--- Raw data ---

- Opening Delimiter -

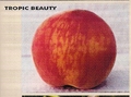 Melocontón Tropic Beauty en maceta de 17 cm de diámetro. Arbol muy vigoroso. Fruta grande, redonda y de color rojo en un 80% con la pulpa amarilla. Ideal para zonas de bajo reposo.
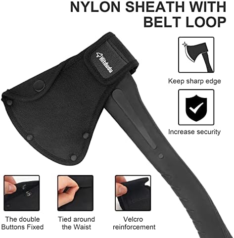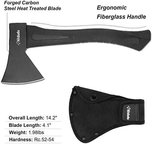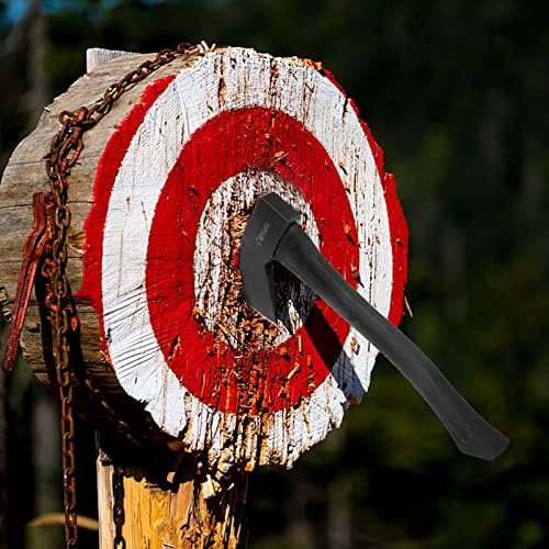 Camping Hatchet, 14" Camping Axe Throwing Axe for Outdoor Wood Splitting and Kindling, Forged Carbon Steel Heat Treated Survival Tool, Fiberglass Shock Reduction Handle with Anti-Slip Grip
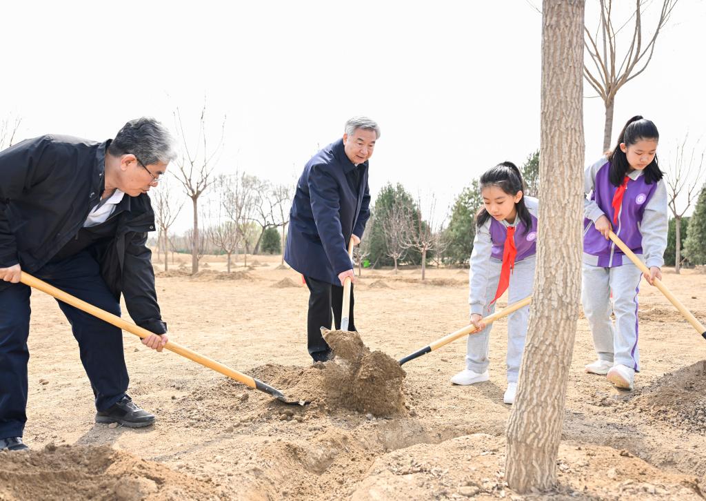 Wang Huning planta un árbol durante una actividad voluntaria de plantación de árboles, en el poblado de Baishan, en el distrito de Changping de Beijing, capital de China, el 30 de marzo de 2026. Los líderes del Partido y del Estado Xi Jinping, Li Qiang, Zhao Leji, Wang Huning, Cai Qi, Ding Xuexiang, y Li Xi participaron en una actividad voluntaria de plantación de árboles en el distrito de Changping de Beijing el lunes. (Xinhua/Huang Jingwen)
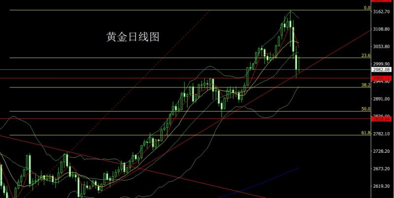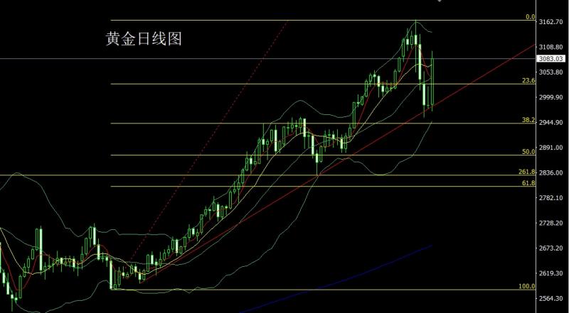 昨日黄金市场早盘低开在3027.6的位置后行情先回落给出2969.9的位置后行情强势拉升,日线最高触及到了3056.3的位置后行情承压震荡回落,美盘时段行情加速下行,日渐最低给到了2955.6的位置后行情受到前期历史高点和本轮上行趋势线支撑拉升,日线最终收线在了2983的位置后行情以一根上影线稍长于下影线的大阴线收线,而这

- Closing Delimiter -

--- Directions for this task ---
Please return the lines above exactly, with the pictures omitted.

--- Response to the task ---
 Melocontón Tropic Beauty en maceta de 17 cm de diámetro. Arbol muy vigoroso. Fruta grande, redonda y de color rojo en un 80% con la pulpa amarilla. Ideal para zonas de bajo reposo.
 Camping Hatchet, 14" Camping Axe Throwing Axe for Outdoor Wood Splitting and Kindling, Forged Carbon Steel Heat Treated Survival Tool, Fiberglass Shock Reduction Handle with Anti-Slip Grip
 Wang Huning planta un árbol durante una actividad voluntaria de plantación de árboles, en el poblado de Baishan, en el distrito de Changping de Beijing, capital de China, el 30 de marzo de 2026. Los líderes del Partido y del Estado Xi Jinping, Li Qiang, Zhao Leji, Wang Huning, Cai Qi, Ding Xuexiang, y Li Xi participaron en una actividad voluntaria de plantación de árboles en el distrito de Changping de Beijing el lunes. (Xinhua/Huang Jingwen)
 昨日黄金市场早盘低开在3027.6的位置后行情先回落给出2969.9的位置后行情强势拉升,日线最高触及到了3056.3的位置后行情承压震荡回落,美盘时段行情加速下行,日渐最低给到了2955.6的位置后行情受到前期历史高点和本轮上行趋势线支撑拉升,日线最终收线在了2983的位置后行情以一根上影线稍长于下影线的大阴线收线,而这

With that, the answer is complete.